Provided data:
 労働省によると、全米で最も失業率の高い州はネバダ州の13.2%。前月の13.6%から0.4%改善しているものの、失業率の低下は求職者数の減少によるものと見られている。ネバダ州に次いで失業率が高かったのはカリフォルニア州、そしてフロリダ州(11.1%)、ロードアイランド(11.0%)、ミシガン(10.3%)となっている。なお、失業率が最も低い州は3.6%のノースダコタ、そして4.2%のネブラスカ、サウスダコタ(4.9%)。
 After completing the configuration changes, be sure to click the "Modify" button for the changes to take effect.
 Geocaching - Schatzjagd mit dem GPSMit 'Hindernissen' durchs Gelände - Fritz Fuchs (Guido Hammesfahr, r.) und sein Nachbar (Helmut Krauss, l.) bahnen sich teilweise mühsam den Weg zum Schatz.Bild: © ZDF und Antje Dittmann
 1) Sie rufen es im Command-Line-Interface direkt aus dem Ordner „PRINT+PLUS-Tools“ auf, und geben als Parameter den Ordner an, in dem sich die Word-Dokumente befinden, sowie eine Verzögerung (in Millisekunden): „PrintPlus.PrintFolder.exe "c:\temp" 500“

How to complete this task: Could you repeat all of the material above exactly?

Written answer:
 労働省によると、全米で最も失業率の高い州はネバダ州の13.2%。前月の13.6%から0.4%改善しているものの、失業率の低下は求職者数の減少によるものと見られている。ネバダ州に次いで失業率が高かったのはカリフォルニア州、そしてフロリダ州(11.1%)、ロードアイランド(11.0%)、ミシガン(10.3%)となっている。なお、失業率が最も低い州は3.6%のノースダコタ、そして4.2%のネブラスカ、サウスダコタ(4.9%)。
 After completing the configuration changes, be sure to click the "Modify" button for the changes to take effect.
 Geocaching - Schatzjagd mit dem GPSMit 'Hindernissen' durchs Gelände - Fritz Fuchs (Guido Hammesfahr, r.) und sein Nachbar (Helmut Krauss, l.) bahnen sich teilweise mühsam den Weg zum Schatz.Bild: © ZDF und Antje Dittmann
 1) Sie rufen es im Command-Line-Interface direkt aus dem Ordner „PRINT+PLUS-Tools“ auf, und geben als Parameter den Ordner an, in dem sich die Word-Dokumente befinden, sowie eine Verzögerung (in Millisekunden): „PrintPlus.PrintFolder.exe "c:\temp" 500“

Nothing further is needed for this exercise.